(Data entries)

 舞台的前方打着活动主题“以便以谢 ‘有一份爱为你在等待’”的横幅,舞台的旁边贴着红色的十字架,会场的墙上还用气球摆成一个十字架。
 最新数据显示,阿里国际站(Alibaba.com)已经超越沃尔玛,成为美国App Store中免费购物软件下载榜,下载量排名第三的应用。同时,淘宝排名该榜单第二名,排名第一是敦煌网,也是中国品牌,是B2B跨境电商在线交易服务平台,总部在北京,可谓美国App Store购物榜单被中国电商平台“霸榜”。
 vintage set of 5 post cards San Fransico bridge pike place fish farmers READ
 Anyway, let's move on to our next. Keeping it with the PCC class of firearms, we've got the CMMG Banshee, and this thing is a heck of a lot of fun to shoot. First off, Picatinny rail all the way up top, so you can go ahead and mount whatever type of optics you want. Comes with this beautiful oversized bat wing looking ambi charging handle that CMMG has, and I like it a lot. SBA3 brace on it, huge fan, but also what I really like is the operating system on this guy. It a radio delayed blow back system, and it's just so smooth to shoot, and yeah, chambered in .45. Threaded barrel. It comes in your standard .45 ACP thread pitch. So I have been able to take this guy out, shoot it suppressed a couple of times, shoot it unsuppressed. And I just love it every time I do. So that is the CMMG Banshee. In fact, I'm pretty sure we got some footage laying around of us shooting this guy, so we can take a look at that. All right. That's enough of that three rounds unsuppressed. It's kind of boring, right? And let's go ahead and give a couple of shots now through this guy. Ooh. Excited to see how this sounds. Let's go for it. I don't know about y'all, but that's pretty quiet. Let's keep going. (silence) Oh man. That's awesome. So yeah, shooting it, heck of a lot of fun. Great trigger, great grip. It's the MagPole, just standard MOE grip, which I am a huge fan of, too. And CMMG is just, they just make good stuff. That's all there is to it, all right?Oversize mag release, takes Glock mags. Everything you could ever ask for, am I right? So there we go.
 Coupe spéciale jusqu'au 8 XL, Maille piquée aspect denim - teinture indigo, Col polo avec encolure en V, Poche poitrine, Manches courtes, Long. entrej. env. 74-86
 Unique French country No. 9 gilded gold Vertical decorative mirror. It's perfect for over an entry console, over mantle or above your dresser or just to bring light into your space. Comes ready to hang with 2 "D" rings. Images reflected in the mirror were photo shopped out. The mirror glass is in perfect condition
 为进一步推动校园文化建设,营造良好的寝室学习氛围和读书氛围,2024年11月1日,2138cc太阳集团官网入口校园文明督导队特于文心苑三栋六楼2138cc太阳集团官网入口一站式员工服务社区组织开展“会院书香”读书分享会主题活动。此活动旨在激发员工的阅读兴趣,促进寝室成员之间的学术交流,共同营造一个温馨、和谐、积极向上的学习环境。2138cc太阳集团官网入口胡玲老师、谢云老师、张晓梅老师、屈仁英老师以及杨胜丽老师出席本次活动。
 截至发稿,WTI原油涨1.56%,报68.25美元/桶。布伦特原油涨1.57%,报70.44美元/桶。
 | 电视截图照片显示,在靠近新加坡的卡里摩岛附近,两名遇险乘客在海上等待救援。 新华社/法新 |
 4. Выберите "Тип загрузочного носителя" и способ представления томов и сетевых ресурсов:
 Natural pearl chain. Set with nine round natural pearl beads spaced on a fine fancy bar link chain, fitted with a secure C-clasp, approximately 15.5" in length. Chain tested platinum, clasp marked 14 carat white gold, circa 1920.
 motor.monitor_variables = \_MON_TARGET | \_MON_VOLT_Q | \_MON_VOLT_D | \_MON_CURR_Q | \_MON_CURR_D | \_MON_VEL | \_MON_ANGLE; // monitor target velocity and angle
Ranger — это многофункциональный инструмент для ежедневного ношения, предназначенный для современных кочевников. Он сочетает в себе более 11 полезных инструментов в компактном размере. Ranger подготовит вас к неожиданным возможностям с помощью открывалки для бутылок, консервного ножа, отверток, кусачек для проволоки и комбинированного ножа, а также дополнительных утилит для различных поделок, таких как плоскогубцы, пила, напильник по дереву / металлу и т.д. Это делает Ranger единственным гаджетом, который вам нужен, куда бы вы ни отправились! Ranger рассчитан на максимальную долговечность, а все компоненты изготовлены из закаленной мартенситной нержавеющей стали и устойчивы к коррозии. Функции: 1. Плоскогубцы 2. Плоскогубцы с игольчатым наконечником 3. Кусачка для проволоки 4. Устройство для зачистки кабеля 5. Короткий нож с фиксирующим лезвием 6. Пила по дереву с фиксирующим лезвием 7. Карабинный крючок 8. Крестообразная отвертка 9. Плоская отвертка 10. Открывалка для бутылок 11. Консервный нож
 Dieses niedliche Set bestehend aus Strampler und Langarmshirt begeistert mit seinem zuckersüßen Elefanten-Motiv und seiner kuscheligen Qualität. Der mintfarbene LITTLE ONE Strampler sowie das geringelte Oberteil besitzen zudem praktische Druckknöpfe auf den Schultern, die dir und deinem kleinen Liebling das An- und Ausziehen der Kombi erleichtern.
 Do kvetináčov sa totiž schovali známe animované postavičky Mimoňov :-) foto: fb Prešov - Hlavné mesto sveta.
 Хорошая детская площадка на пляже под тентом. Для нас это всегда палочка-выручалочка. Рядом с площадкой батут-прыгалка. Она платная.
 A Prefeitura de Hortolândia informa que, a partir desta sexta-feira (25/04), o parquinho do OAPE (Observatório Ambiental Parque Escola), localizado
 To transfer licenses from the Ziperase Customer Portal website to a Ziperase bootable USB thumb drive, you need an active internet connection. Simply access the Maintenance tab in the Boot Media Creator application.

Task objective:
Line by line, reproduce the data exactly.

Answer:
 舞台的前方打着活动主题“以便以谢 ‘有一份爱为你在等待’”的横幅,舞台的旁边贴着红色的十字架,会场的墙上还用气球摆成一个十字架。
 最新数据显示,阿里国际站(Alibaba.com)已经超越沃尔玛,成为美国App Store中免费购物软件下载榜,下载量排名第三的应用。同时,淘宝排名该榜单第二名,排名第一是敦煌网,也是中国品牌,是B2B跨境电商在线交易服务平台,总部在北京,可谓美国App Store购物榜单被中国电商平台“霸榜”。
 vintage set of 5 post cards San Fransico bridge pike place fish farmers READ
 Anyway, let's move on to our next. Keeping it with the PCC class of firearms, we've got the CMMG Banshee, and this thing is a heck of a lot of fun to shoot. First off, Picatinny rail all the way up top, so you can go ahead and mount whatever type of optics you want. Comes with this beautiful oversized bat wing looking ambi charging handle that CMMG has, and I like it a lot. SBA3 brace on it, huge fan, but also what I really like is the operating system on this guy. It a radio delayed blow back system, and it's just so smooth to shoot, and yeah, chambered in .45. Threaded barrel. It comes in your standard .45 ACP thread pitch. So I have been able to take this guy out, shoot it suppressed a couple of times, shoot it unsuppressed. And I just love it every time I do. So that is the CMMG Banshee. In fact, I'm pretty sure we got some footage laying around of us shooting this guy, so we can take a look at that. All right. That's enough of that three rounds unsuppressed. It's kind of boring, right? And let's go ahead and give a couple of shots now through this guy. Ooh. Excited to see how this sounds. Let's go for it. I don't know about y'all, but that's pretty quiet. Let's keep going. (silence) Oh man. That's awesome. So yeah, shooting it, heck of a lot of fun. Great trigger, great grip. It's the MagPole, just standard MOE grip, which I am a huge fan of, too. And CMMG is just, they just make good stuff. That's all there is to it, all right?Oversize mag release, takes Glock mags. Everything you could ever ask for, am I right? So there we go.
 Coupe spéciale jusqu'au 8 XL, Maille piquée aspect denim - teinture indigo, Col polo avec encolure en V, Poche poitrine, Manches courtes, Long. entrej. env. 74-86
 Unique French country No. 9 gilded gold Vertical decorative mirror. It's perfect for over an entry console, over mantle or above your dresser or just to bring light into your space. Comes ready to hang with 2 "D" rings. Images reflected in the mirror were photo shopped out. The mirror glass is in perfect condition
 为进一步推动校园文化建设,营造良好的寝室学习氛围和读书氛围,2024年11月1日,2138cc太阳集团官网入口校园文明督导队特于文心苑三栋六楼2138cc太阳集团官网入口一站式员工服务社区组织开展“会院书香”读书分享会主题活动。此活动旨在激发员工的阅读兴趣,促进寝室成员之间的学术交流,共同营造一个温馨、和谐、积极向上的学习环境。2138cc太阳集团官网入口胡玲老师、谢云老师、张晓梅老师、屈仁英老师以及杨胜丽老师出席本次活动。
 截至发稿,WTI原油涨1.56%,报68.25美元/桶。布伦特原油涨1.57%,报70.44美元/桶。
 | 电视截图照片显示,在靠近新加坡的卡里摩岛附近,两名遇险乘客在海上等待救援。 新华社/法新 |
 4. Выберите "Тип загрузочного носителя" и способ представления томов и сетевых ресурсов:
 Natural pearl chain. Set with nine round natural pearl beads spaced on a fine fancy bar link chain, fitted with a secure C-clasp, approximately 15.5" in length. Chain tested platinum, clasp marked 14 carat white gold, circa 1920.
 motor.monitor_variables = \_MON_TARGET | \_MON_VOLT_Q | \_MON_VOLT_D | \_MON_CURR_Q | \_MON_CURR_D | \_MON_VEL | \_MON_ANGLE; // monitor target velocity and angle
Ranger — это многофункциональный инструмент для ежедневного ношения, предназначенный для современных кочевников. Он сочетает в себе более 11 полезных инструментов в компактном размере. Ranger подготовит вас к неожиданным возможностям с помощью открывалки для бутылок, консервного ножа, отверток, кусачек для проволоки и комбинированного ножа, а также дополнительных утилит для различных поделок, таких как плоскогубцы, пила, напильник по дереву / металлу и т.д. Это делает Ranger единственным гаджетом, который вам нужен, куда бы вы ни отправились! Ranger рассчитан на максимальную долговечность, а все компоненты изготовлены из закаленной мартенситной нержавеющей стали и устойчивы к коррозии. Функции: 1. Плоскогубцы 2. Плоскогубцы с игольчатым наконечником 3. Кусачка для проволоки 4. Устройство для зачистки кабеля 5. Короткий нож с фиксирующим лезвием 6. Пила по дереву с фиксирующим лезвием 7. Карабинный крючок 8. Крестообразная отвертка 9. Плоская отвертка 10. Открывалка для бутылок 11. Консервный нож
 Dieses niedliche Set bestehend aus Strampler und Langarmshirt begeistert mit seinem zuckersüßen Elefanten-Motiv und seiner kuscheligen Qualität. Der mintfarbene LITTLE ONE Strampler sowie das geringelte Oberteil besitzen zudem praktische Druckknöpfe auf den Schultern, die dir und deinem kleinen Liebling das An- und Ausziehen der Kombi erleichtern.
 Do kvetináčov sa totiž schovali známe animované postavičky Mimoňov :-) foto: fb Prešov - Hlavné mesto sveta.
 Хорошая детская площадка на пляже под тентом. Для нас это всегда палочка-выручалочка. Рядом с площадкой батут-прыгалка. Она платная.
 A Prefeitura de Hortolândia informa que, a partir desta sexta-feira (25/04), o parquinho do OAPE (Observatório Ambiental Parque Escola), localizado
 To transfer licenses from the Ziperase Customer Portal website to a Ziperase bootable USB thumb drive, you need an active internet connection. Simply access the Maintenance tab in the Boot Media Creator application.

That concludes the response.